▶ **Task brief**
Skip pictures in the listing below; copy exactly the lines from the one with "Рис.1 Розподіл оцінок" through the one with "А как ты думаешь, о", inclusive.

▶ **Data shown**
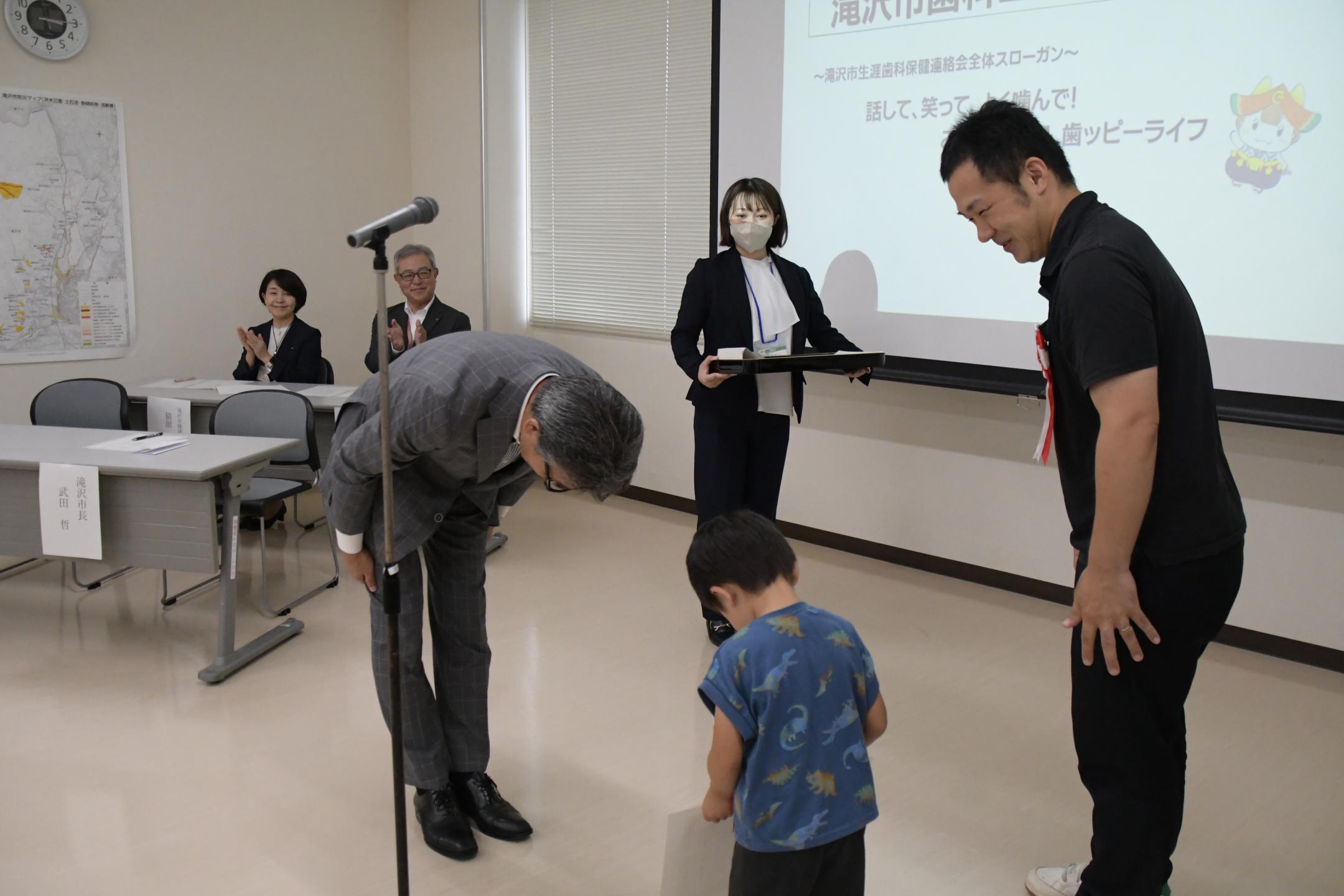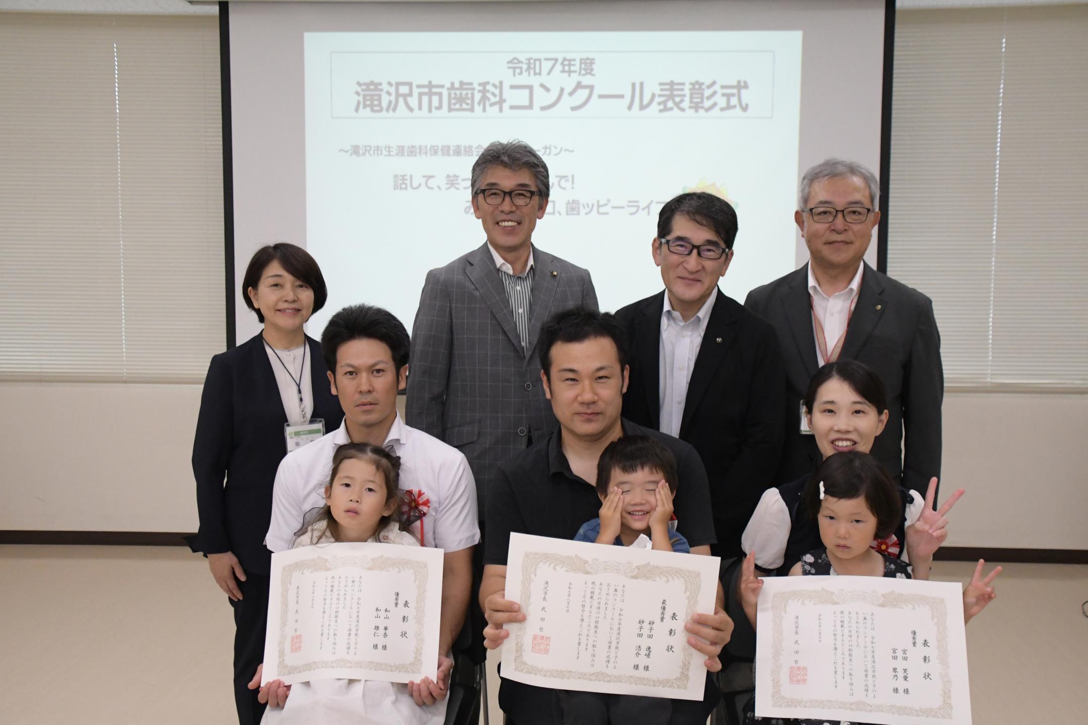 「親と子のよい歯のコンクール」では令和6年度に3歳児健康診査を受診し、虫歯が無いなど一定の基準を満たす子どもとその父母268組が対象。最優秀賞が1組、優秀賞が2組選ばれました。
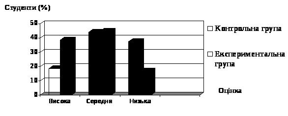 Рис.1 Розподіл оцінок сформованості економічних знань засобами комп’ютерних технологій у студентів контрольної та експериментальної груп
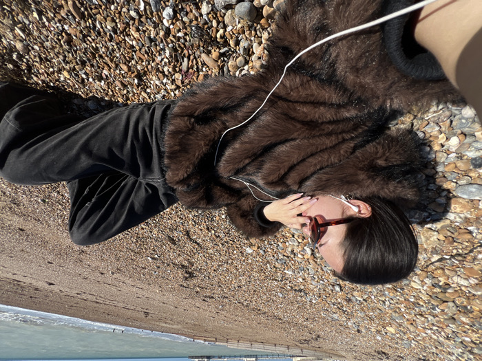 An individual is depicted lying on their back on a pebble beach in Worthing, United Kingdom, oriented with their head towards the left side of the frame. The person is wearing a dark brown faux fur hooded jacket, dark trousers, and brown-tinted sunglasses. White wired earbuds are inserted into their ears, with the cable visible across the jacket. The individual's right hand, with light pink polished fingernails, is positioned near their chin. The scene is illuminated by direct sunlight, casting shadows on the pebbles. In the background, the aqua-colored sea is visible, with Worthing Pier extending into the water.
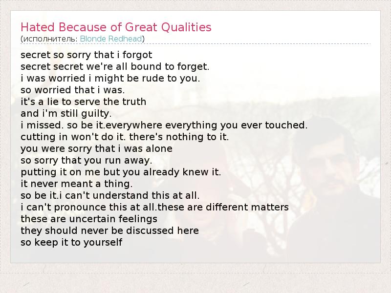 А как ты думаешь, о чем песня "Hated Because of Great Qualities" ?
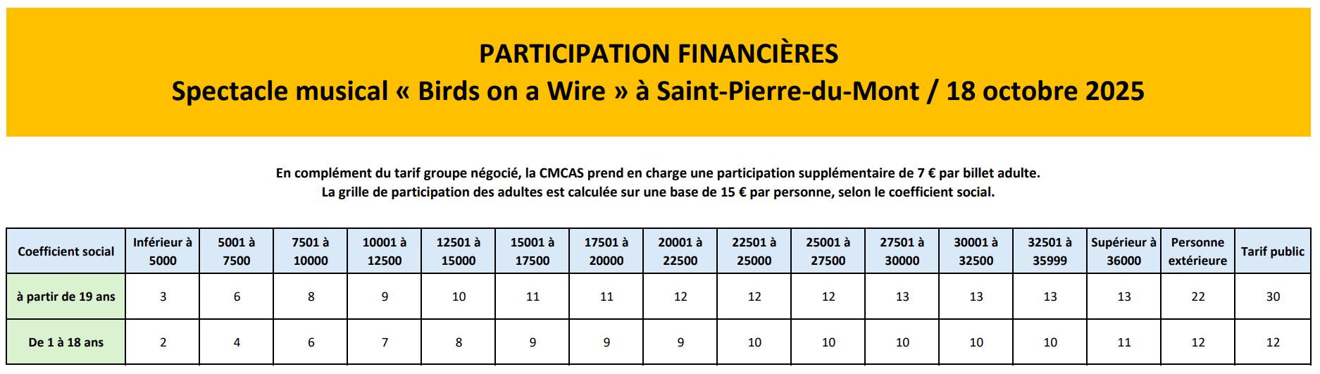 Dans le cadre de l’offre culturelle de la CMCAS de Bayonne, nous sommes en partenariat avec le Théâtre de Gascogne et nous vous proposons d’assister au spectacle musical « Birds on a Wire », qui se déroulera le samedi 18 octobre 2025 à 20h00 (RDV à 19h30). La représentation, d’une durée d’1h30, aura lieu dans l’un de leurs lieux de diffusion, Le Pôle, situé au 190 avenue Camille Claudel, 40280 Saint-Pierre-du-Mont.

▶ **Answer for the task**
 Рис.1 Розподіл оцінок сформованості економічних знань засобами комп’ютерних технологій у студентів контрольної та експериментальної груп
 An individual is depicted lying on their back on a pebble beach in Worthing, United Kingdom, oriented with their head towards the left side of the frame. The person is wearing a dark brown faux fur hooded jacket, dark trousers, and brown-tinted sunglasses. White wired earbuds are inserted into their ears, with the cable visible across the jacket. The individual's right hand, with light pink polished fingernails, is positioned near their chin. The scene is illuminated by direct sunlight, casting shadows on the pebbles. In the background, the aqua-colored sea is visible, with Worthing Pier extending into the water.
 А как ты думаешь, о чем песня "Hated Because of Great Qualities" ?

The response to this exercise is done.